[Exercise aim]:
When you reach the line in the data below that contains "Frankfurter Zeitung und Handelsblatt. 18...", please start repeating lines exactly, and stop after the line that contains "2018年12月13日,中国", repeating nothing else.

[Source material]:
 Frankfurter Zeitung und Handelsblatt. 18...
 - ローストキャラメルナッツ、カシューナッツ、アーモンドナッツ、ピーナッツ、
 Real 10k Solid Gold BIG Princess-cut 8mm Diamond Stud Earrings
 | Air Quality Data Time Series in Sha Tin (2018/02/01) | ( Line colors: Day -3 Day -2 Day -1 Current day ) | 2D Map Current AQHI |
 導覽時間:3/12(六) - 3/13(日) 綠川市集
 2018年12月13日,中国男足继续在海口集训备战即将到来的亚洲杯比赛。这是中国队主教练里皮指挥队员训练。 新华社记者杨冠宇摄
---
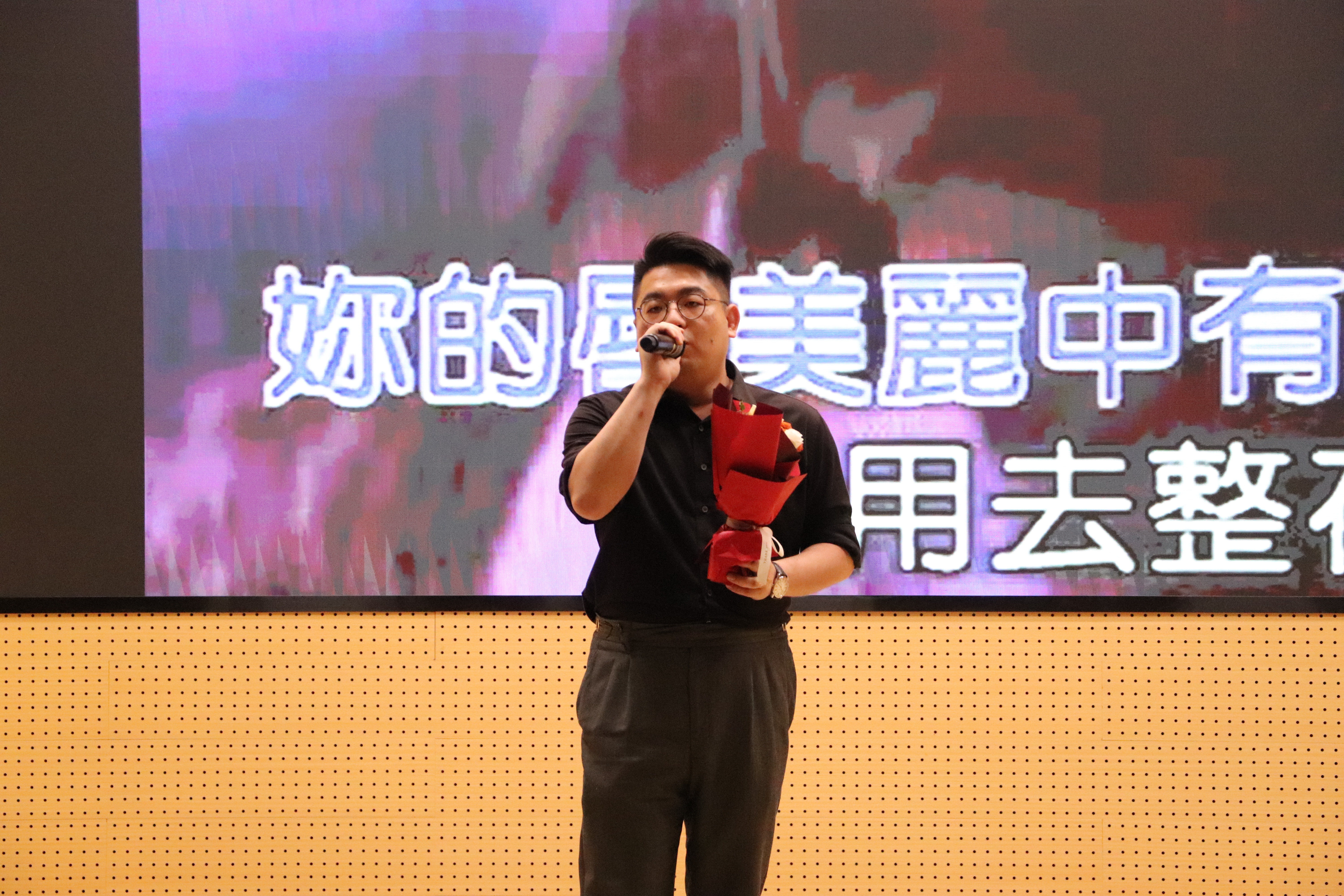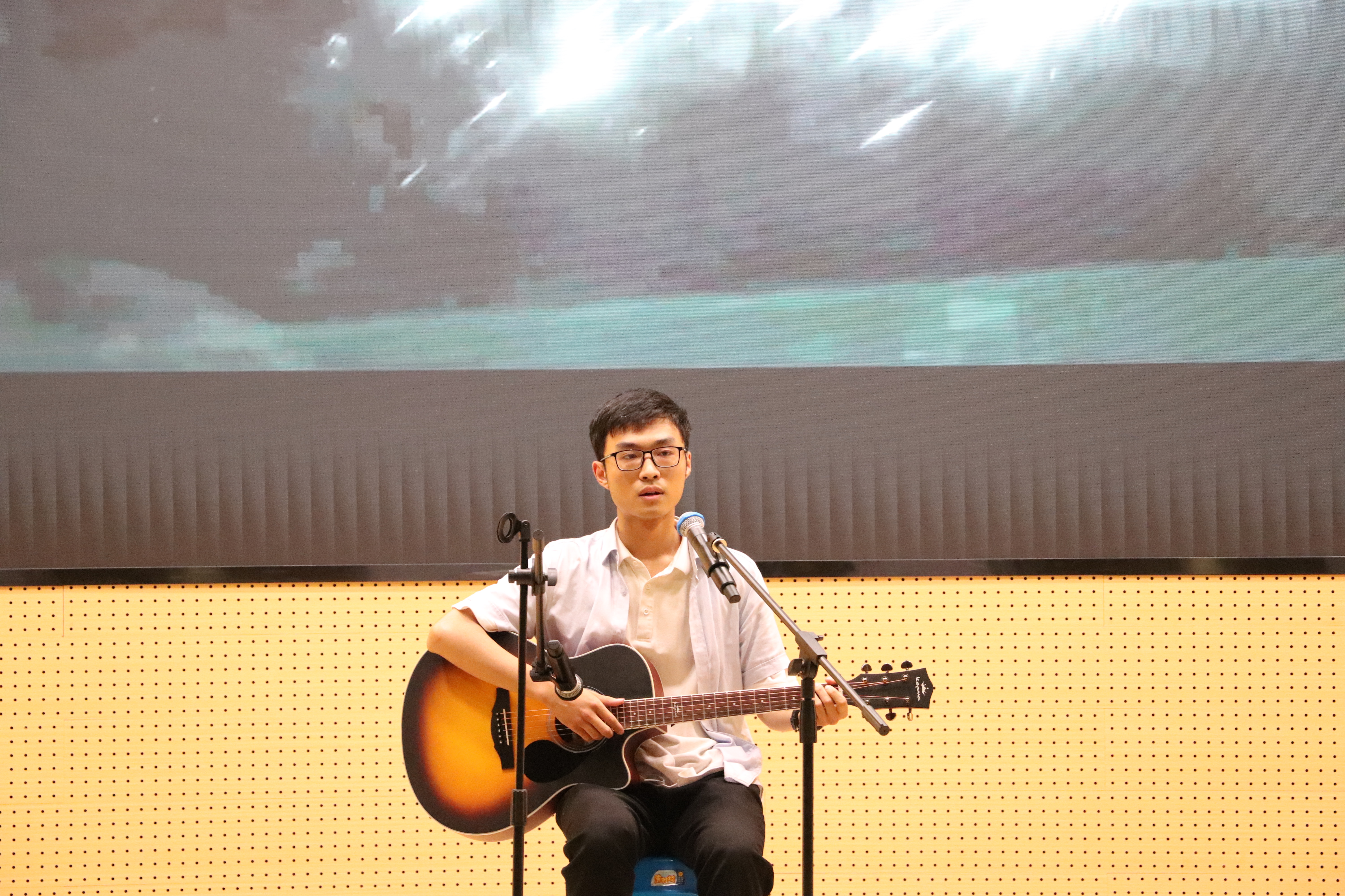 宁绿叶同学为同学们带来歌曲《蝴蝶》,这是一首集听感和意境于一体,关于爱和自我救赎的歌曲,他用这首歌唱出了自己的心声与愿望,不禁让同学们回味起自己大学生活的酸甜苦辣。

[Expected answer]:
 Frankfurter Zeitung und Handelsblatt. 18...
 - ローストキャラメルナッツ、カシューナッツ、アーモンドナッツ、ピーナッツ、
 Real 10k Solid Gold BIG Princess-cut 8mm Diamond Stud Earrings
 | Air Quality Data Time Series in Sha Tin (2018/02/01) | ( Line colors: Day -3 Day -2 Day -1 Current day ) | 2D Map Current AQHI |
 導覽時間:3/12(六) - 3/13(日) 綠川市集
 2018年12月13日,中国男足继续在海口集训备战即将到来的亚洲杯比赛。这是中国队主教练里皮指挥队员训练。 新华社记者杨冠宇摄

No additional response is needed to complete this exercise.